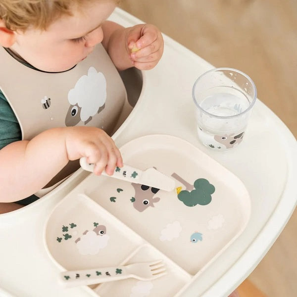 Prato com divisórias da colecção Tiny Farm da Done by Deer, ideal para o seu pequenote iniciar a ser mais autónomo durante as refeições. Separar a comida ajudará o seu filho a sentir e compreender diferentes sabores e texturas. Divida o jantar do seu filho e deixe cada compartimento manter a comida no lugar. Prato com laterais altas ajudarão o seu filho a agarrar na comida, enquanto a prática base antiderrapante garante que o prato fique no lugar. Projetado para o dia a dia com crianças e pode ser lavado na lava-louças e utilizado no micro-onda
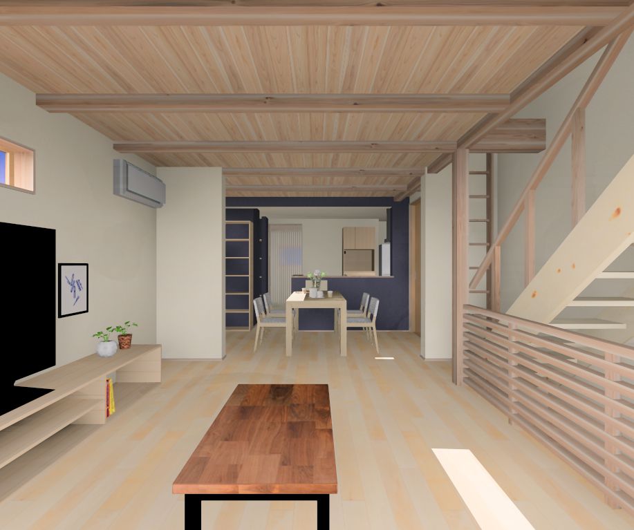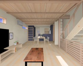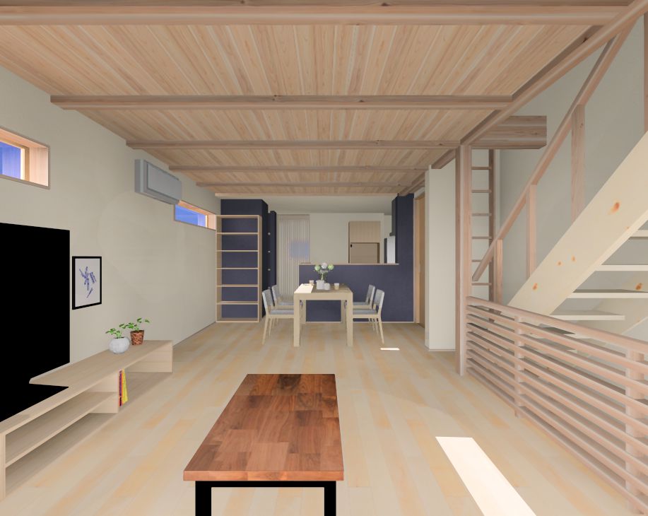 3階までくると、近隣の建物も遮る物が無く、かなりの明るさを確保できています。どちらかと言えば西日対策が必要になってきます。端の方は高さ制限の都合上かなり天井高を低くしなければなりませんが、屋根なりの勾配天井としているため、そこまで低さを感じさせません。
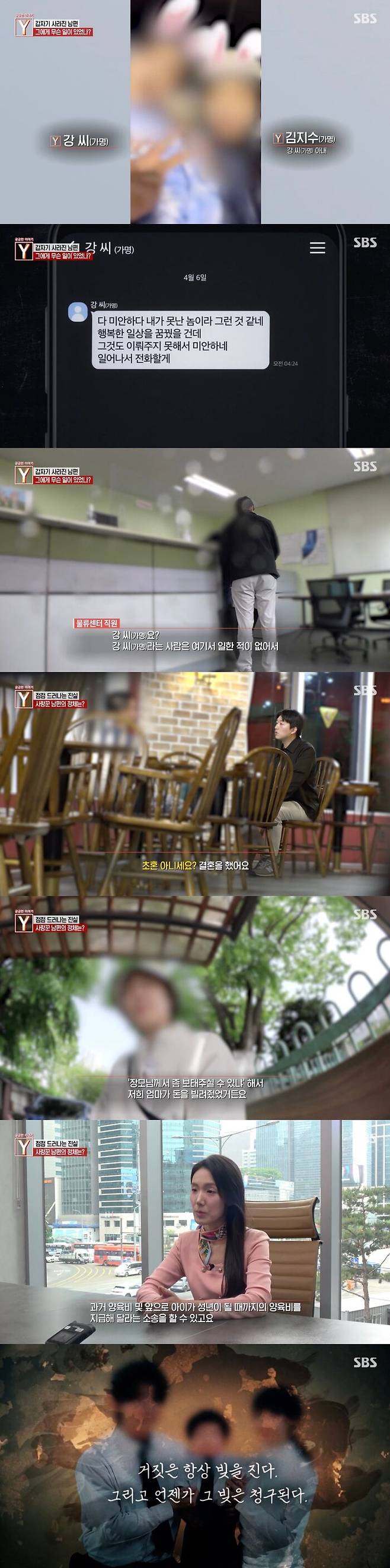 16일 방송된 SBS '궁금한 이야기 Y'에서는 사라진 남편을 찾아달라는 한 아내를 만났다.
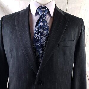 Jos A Bank Traveler's Collection 42R Wool 2 Button Charcoal Striped Suit Jacket
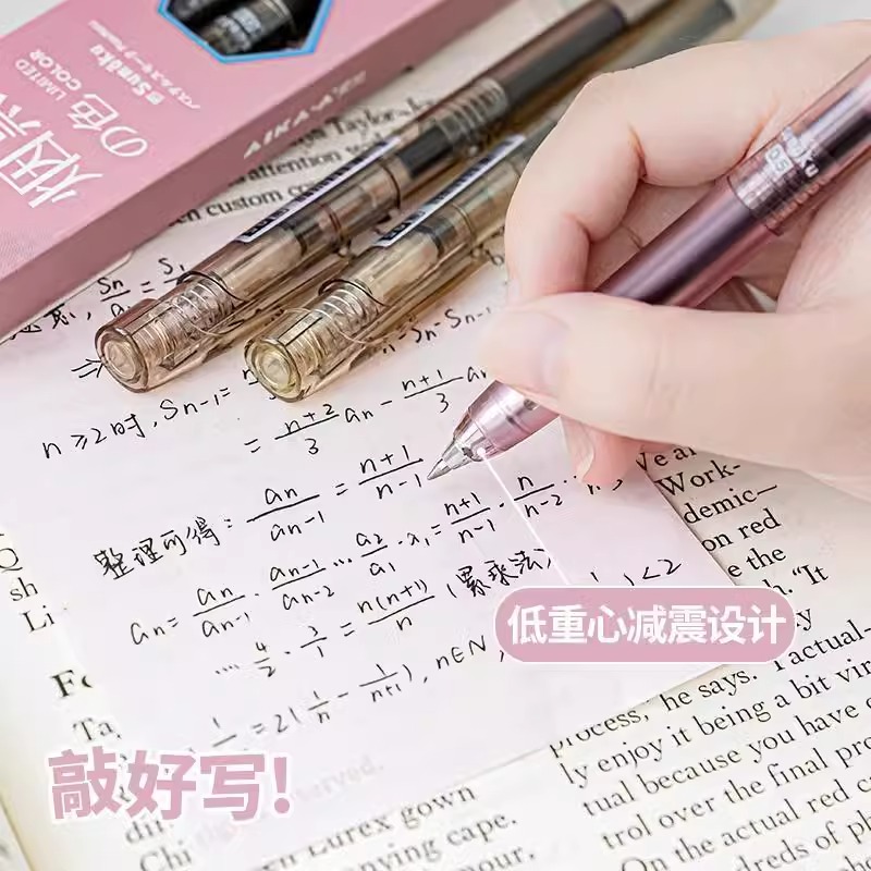 爱加低重心中性笔烟熏色限定按压减振水笔AK66双珠速干子弹头大容量刷题笔学生作业考试用笔黑红蓝替芯签字笔
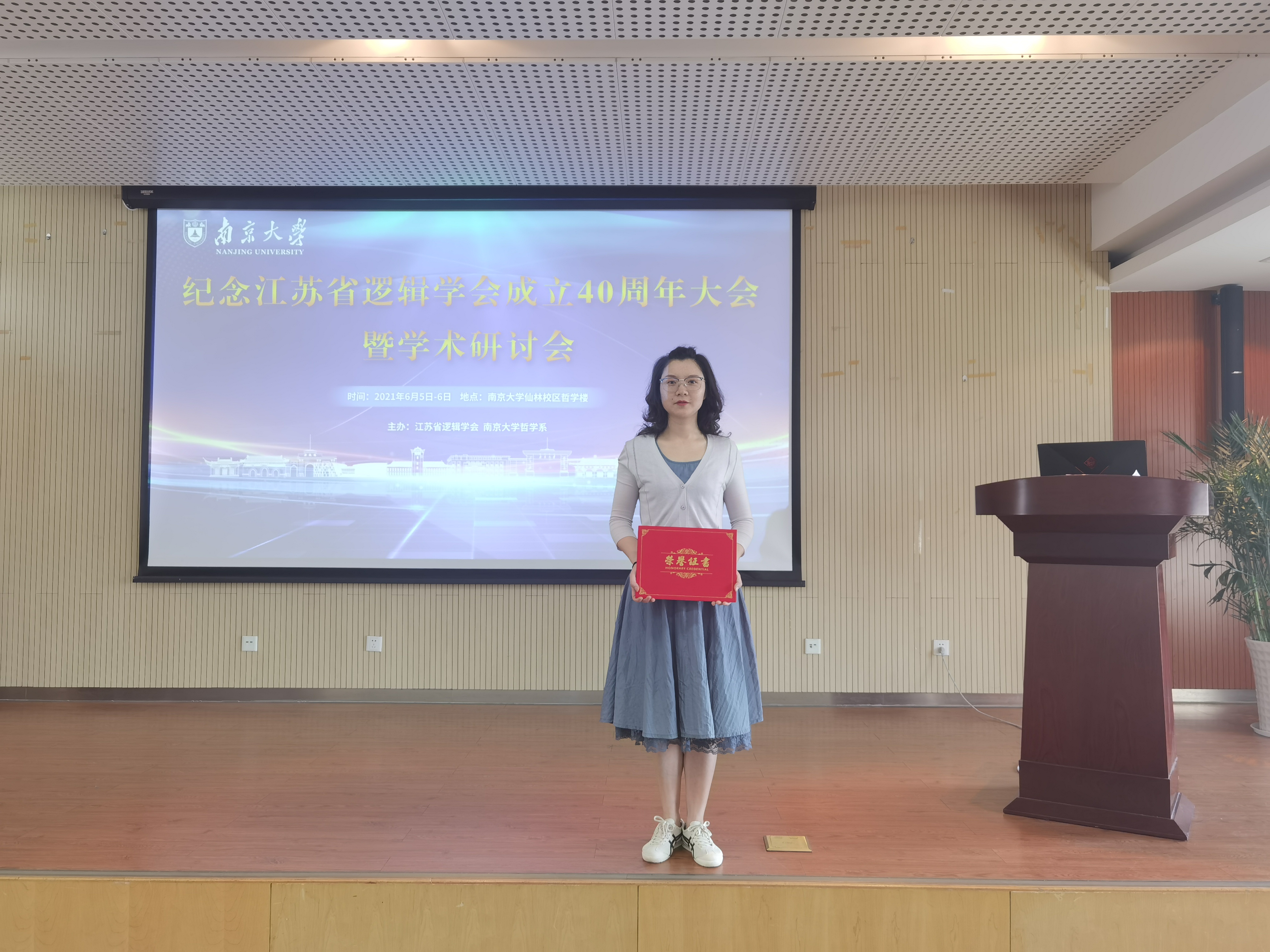 2021年6月5-6日,“纪念江苏省逻辑学会成立40周年大会暨学术研讨会”在南京大学仙林校区隆重召开。大会由江苏省逻辑学会和南京大学哲学系主办,南京大学现代逻辑与逻辑应用研究所承办。大会举行了“第五届江苏省逻辑与思维科学优秀成果奖(2015-2019)”颁奖典礼。本届优秀成果奖共评出特别荣誉奖11项,一等奖12项,二等奖25项,展示了省学会老中青会员近年来在逻辑理论与应用研究及逻辑普及工作中所获得的一系列重要成果。我校外国语学院教师何霞论文获得一等奖,胡庭树老师论文获得二等奖。
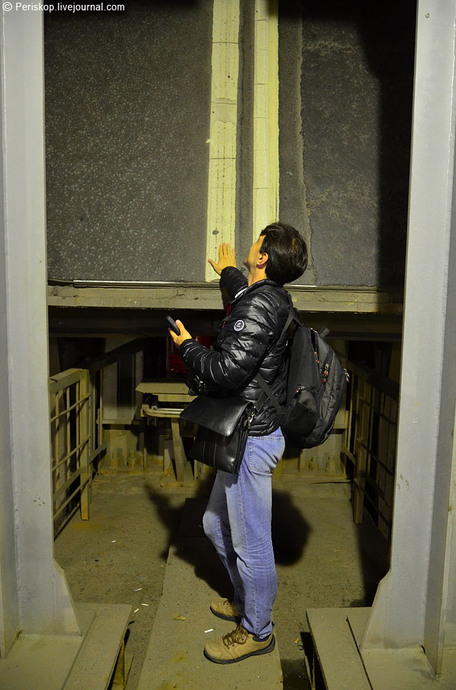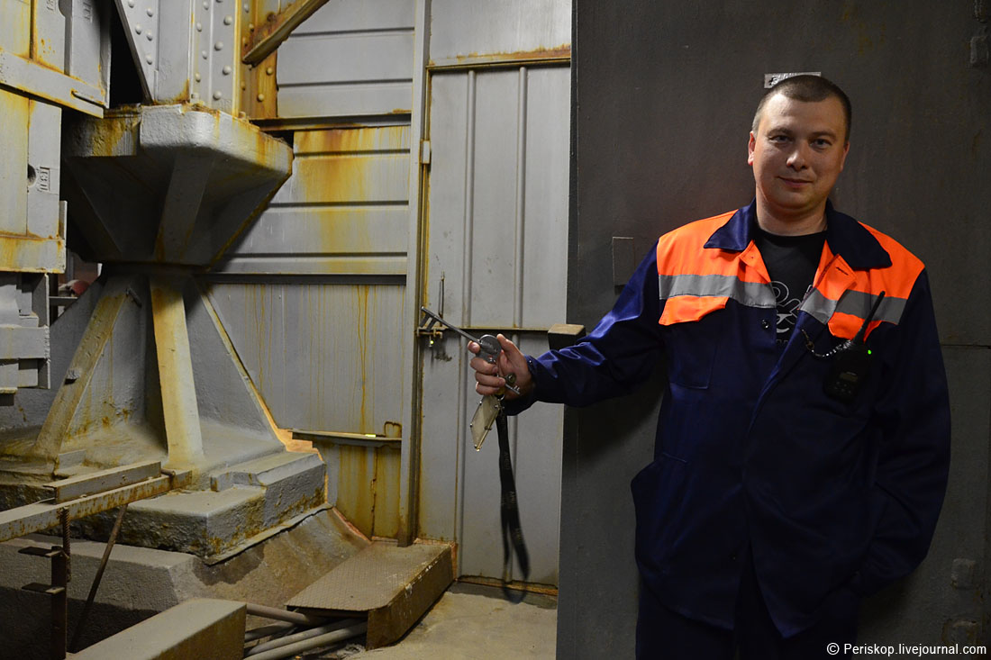 12. Возвращаюсь назад, и помощник начальника смены открывает дверь вбок, вот этим архаичным ключом, который здесь с 1971 года, с момента реконструкции механизма.
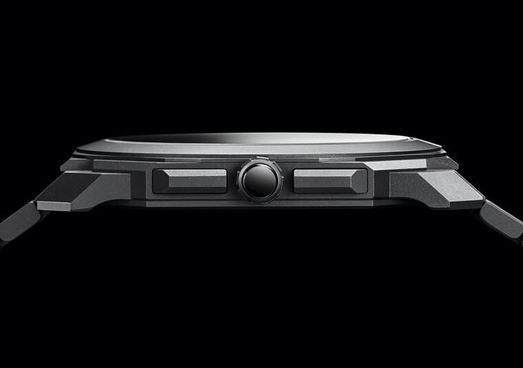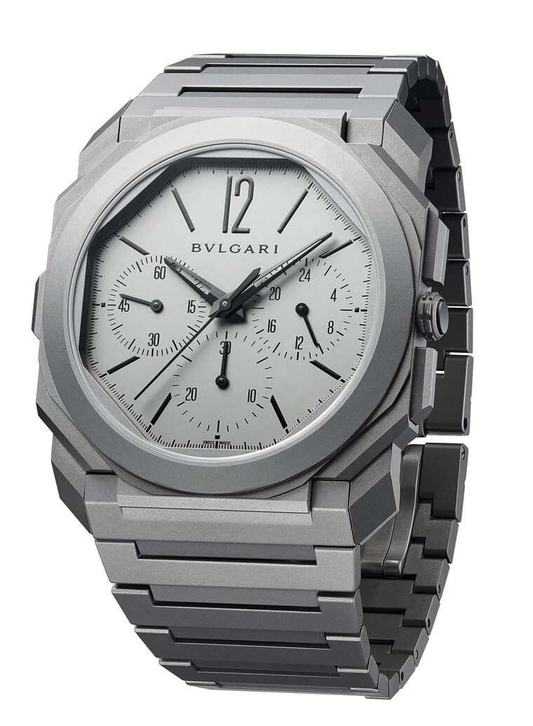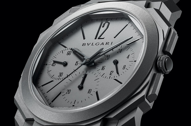 Octo Finissimo Chronograph GMT採用寶格麗近年常應用於Octo Finissimo系列的噴砂鈦金屬錶殼,鈦金屬兼具強度以及相對輕盈的重量是創作超薄錶的理想材質,品牌甚至連面盤也同樣以噴砂鈦金屬製成,使其外觀維持著高度的一致性,此外錶款錶冠頂部特別鑲上黑色陶瓷材質,讓腕錶看起來層次更豐富,同時陶瓷耐磨耐刮以及不會褪色的特點,也能替腕錶側面視角增添恆久的亮點。相較於其他超薄錶,寶格麗Octo Finissimo系列更常使用金屬鍊帶這點也使腕錶更具特色也更耐用甚至更舒適,Octo Finissimo Chronograph GMT相對纖薄的鈦金屬鍊帶在佩戴時完全沒有一般鍊帶錶的沉重感,長時間戴在手上也很輕鬆自在。

____

TASK DIRECTIONS >> Pick up at the line containing "Jos A Bank Traveler's" and copy each line exactly until the data ends, including that last line; copy no pictures.

TASK SOLUTION >>
 Jos A Bank Traveler's Collection 42R Wool 2 Button Charcoal Striped Suit Jacket
 爱加低重心中性笔烟熏色限定按压减振水笔AK66双珠速干子弹头大容量刷题笔学生作业考试用笔黑红蓝替芯签字笔
 2021年6月5-6日,“纪念江苏省逻辑学会成立40周年大会暨学术研讨会”在南京大学仙林校区隆重召开。大会由江苏省逻辑学会和南京大学哲学系主办,南京大学现代逻辑与逻辑应用研究所承办。大会举行了“第五届江苏省逻辑与思维科学优秀成果奖(2015-2019)”颁奖典礼。本届优秀成果奖共评出特别荣誉奖11项,一等奖12项,二等奖25项,展示了省学会老中青会员近年来在逻辑理论与应用研究及逻辑普及工作中所获得的一系列重要成果。我校外国语学院教师何霞论文获得一等奖,胡庭树老师论文获得二等奖。
 12. Возвращаюсь назад, и помощник начальника смены открывает дверь вбок, вот этим архаичным ключом, который здесь с 1971 года, с момента реконструкции механизма.
 Octo Finissimo Chronograph GMT採用寶格麗近年常應用於Octo Finissimo系列的噴砂鈦金屬錶殼,鈦金屬兼具強度以及相對輕盈的重量是創作超薄錶的理想材質,品牌甚至連面盤也同樣以噴砂鈦金屬製成,使其外觀維持著高度的一致性,此外錶款錶冠頂部特別鑲上黑色陶瓷材質,讓腕錶看起來層次更豐富,同時陶瓷耐磨耐刮以及不會褪色的特點,也能替腕錶側面視角增添恆久的亮點。相較於其他超薄錶,寶格麗Octo Finissimo系列更常使用金屬鍊帶這點也使腕錶更具特色也更耐用甚至更舒適,Octo Finissimo Chronograph GMT相對纖薄的鈦金屬鍊帶在佩戴時完全沒有一般鍊帶錶的沉重感,長時間戴在手上也很輕鬆自在。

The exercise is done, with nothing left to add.